AIM OF THE EXERCISE - Note on the material below: return exactly the lines from the line that holds "今回は全6タイプの中から、3" through the line that holds "9B shows one", and leave out each picture.

RECORDS SHOWN -
= = = = =

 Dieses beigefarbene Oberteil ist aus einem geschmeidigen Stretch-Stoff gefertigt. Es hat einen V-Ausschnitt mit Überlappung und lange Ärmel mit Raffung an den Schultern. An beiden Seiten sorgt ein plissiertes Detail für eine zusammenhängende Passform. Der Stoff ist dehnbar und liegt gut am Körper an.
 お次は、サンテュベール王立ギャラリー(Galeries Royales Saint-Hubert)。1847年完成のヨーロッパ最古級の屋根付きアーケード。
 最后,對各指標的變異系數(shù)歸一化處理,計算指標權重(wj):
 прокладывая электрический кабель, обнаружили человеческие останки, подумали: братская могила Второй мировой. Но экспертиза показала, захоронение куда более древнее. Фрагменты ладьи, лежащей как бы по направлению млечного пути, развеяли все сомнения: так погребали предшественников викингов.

= = = = =

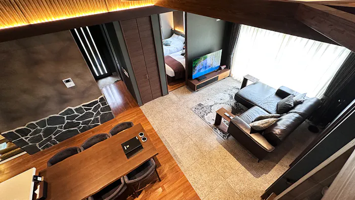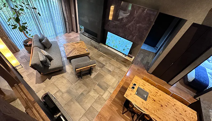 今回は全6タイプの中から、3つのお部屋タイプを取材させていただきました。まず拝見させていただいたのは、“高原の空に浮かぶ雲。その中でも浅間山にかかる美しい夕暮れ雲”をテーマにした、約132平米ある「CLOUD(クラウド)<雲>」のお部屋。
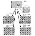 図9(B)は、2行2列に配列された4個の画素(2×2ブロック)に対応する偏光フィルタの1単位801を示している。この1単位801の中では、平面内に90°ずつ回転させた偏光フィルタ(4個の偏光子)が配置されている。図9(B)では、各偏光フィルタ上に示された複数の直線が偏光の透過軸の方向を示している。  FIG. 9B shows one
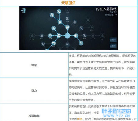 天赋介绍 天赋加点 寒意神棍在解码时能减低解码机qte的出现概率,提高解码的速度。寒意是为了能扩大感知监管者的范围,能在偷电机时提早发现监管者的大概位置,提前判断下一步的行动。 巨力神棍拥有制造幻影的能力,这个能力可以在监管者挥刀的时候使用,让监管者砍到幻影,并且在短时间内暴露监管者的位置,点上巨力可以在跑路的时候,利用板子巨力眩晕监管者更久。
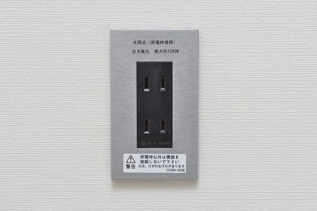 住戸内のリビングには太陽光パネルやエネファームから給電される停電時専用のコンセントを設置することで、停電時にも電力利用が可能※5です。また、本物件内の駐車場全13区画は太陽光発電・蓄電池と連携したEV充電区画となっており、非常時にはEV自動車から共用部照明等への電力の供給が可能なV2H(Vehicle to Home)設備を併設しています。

= = = = =

WRITTEN SOLUTION -
 今回は全6タイプの中から、3つのお部屋タイプを取材させていただきました。まず拝見させていただいたのは、“高原の空に浮かぶ雲。その中でも浅間山にかかる美しい夕暮れ雲”をテーマにした、約132平米ある「CLOUD(クラウド)<雲>」のお部屋。
 図9(B)は、2行2列に配列された4個の画素(2×2ブロック)に対応する偏光フィルタの1単位801を示している。この1単位801の中では、平面内に90°ずつ回転させた偏光フィルタ(4個の偏光子)が配置されている。図9(B)では、各偏光フィルタ上に示された複数の直線が偏光の透過軸の方向を示している。  FIG. 9B shows one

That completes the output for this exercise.